====== Study material ======
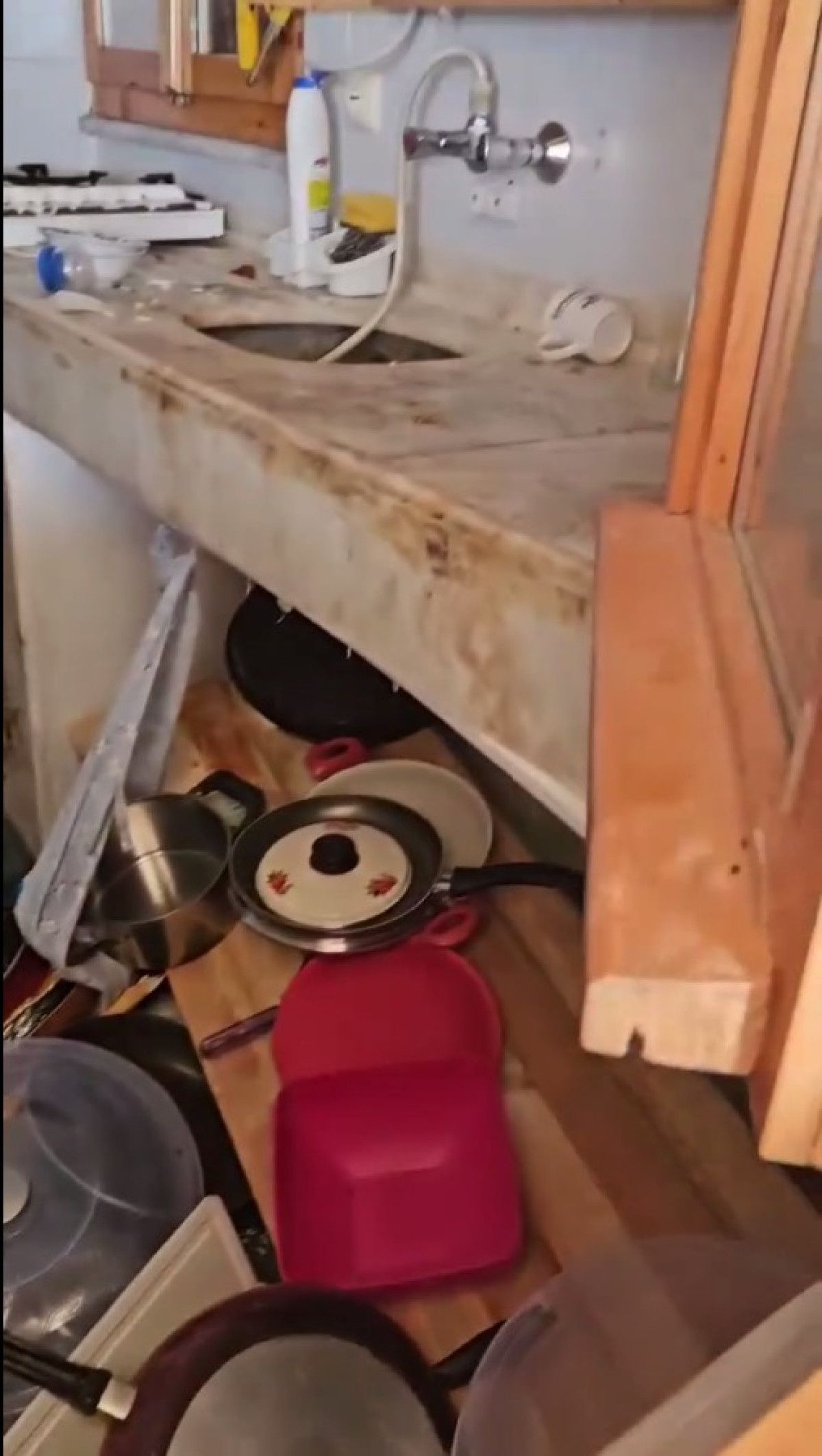 Çebi’nin konutuna pencereden giren ayılar, mutfaktaki gereçlere ziyan verdi.
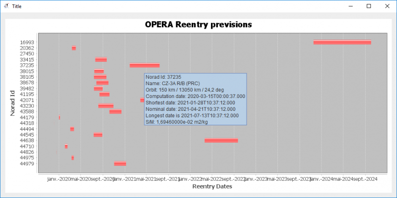 Moreover, only if the "Reentry date" filter has been activated, it will be possible to plot for all selected objects a "Gantt like" diagramm showing the reentry dates intervals. A tooltip will appera on each interval togive some specific informaiton as in the following figure.
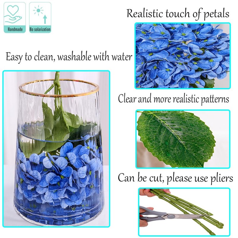- Appearance Material: The Artificial Hydrangeas look like real,Made with 3D print latex ,Feel the petals full and moist, Our petals have realistic textures and bright colors, and the stems are made with iron wire inside, which are more durable than other stems on the market,No smell,safe for people and pets.More real, and softer than ordinary hydrangea.After spraying water, the petals can condense water drops, can be placed outdoors, and resistant to fading.
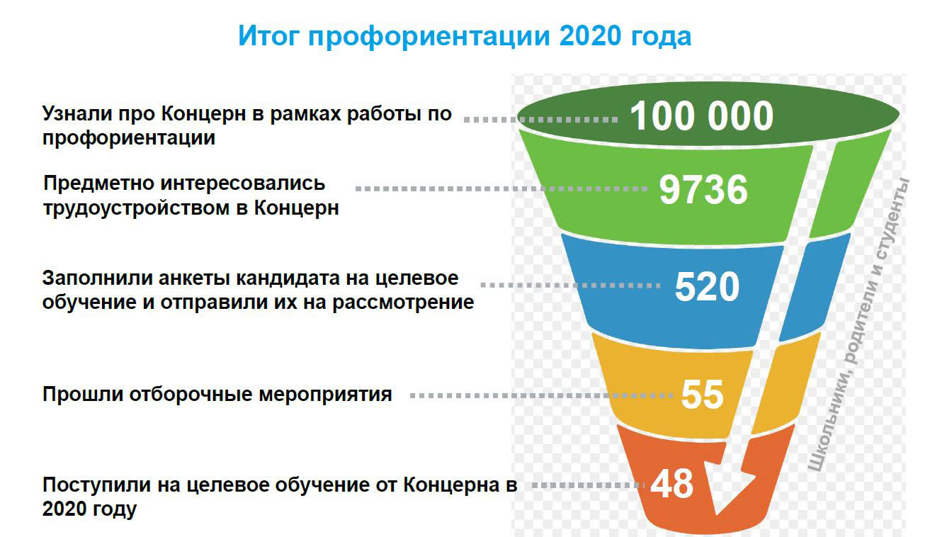 Масштабом этой работы можно и нужно восхищаться. Однако цифры, приведённые на слайде, наверняка погрузят в долгую депрессию руководство чуть менее крупных компаний. В 2020 году на целевое обучение от Концерна «Алмаз-Антей» поступили 48 человек (все ли устроятся работать в соответствии с договором, ещё вопрос), но для этого пришлось вовлечь в информационные мероприятия 100 тысяч человек – молодых людей и их родителей. Такая возможность есть, мягко говоря, далеко не у каждого предприятия.
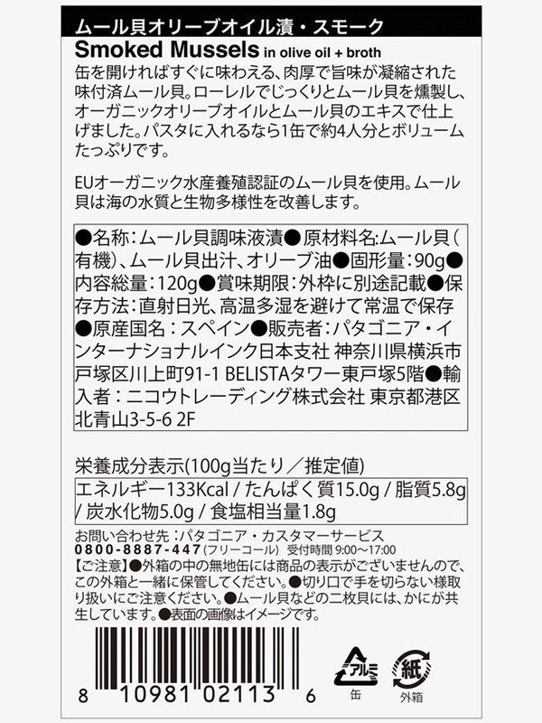 パタゴニア ムール貝・オリーブオイル漬 スモーク
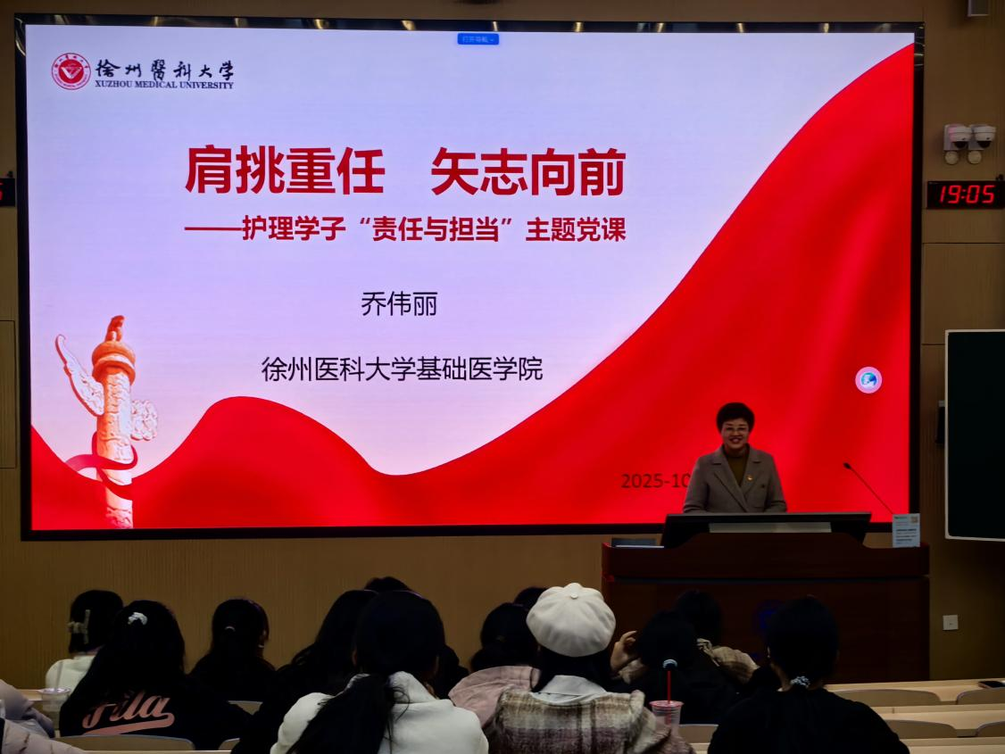 10月29日,乔伟丽老师以“肩挑重担,矢志前行”为中心,紧扣责任与担当,结合护理专业特色,讲述了不同时期护理工作者的使命责任,引导学生思考如何以党员标准要求自己,练就过硬护理本领,在患者需要时勇挑重担,用实际行动诠释护理人的担当。
======
Only the lines from the one containing "Масштабом этой работы" through the final line of the entries belong in the copy, both ends included. Pictures stay out.

 Масштабом этой работы можно и нужно восхищаться. Однако цифры, приведённые на слайде, наверняка погрузят в долгую депрессию руководство чуть менее крупных компаний. В 2020 году на целевое обучение от Концерна «Алмаз-Антей» поступили 48 человек (все ли устроятся работать в соответствии с договором, ещё вопрос), но для этого пришлось вовлечь в информационные мероприятия 100 тысяч человек – молодых людей и их родителей. Такая возможность есть, мягко говоря, далеко не у каждого предприятия.
 パタゴニア ムール貝・オリーブオイル漬 スモーク
 10月29日,乔伟丽老师以“肩挑重担,矢志前行”为中心,紧扣责任与担当,结合护理专业特色,讲述了不同时期护理工作者的使命责任,引导学生思考如何以党员标准要求自己,练就过硬护理本领,在患者需要时勇挑重担,用实际行动诠释护理人的担当。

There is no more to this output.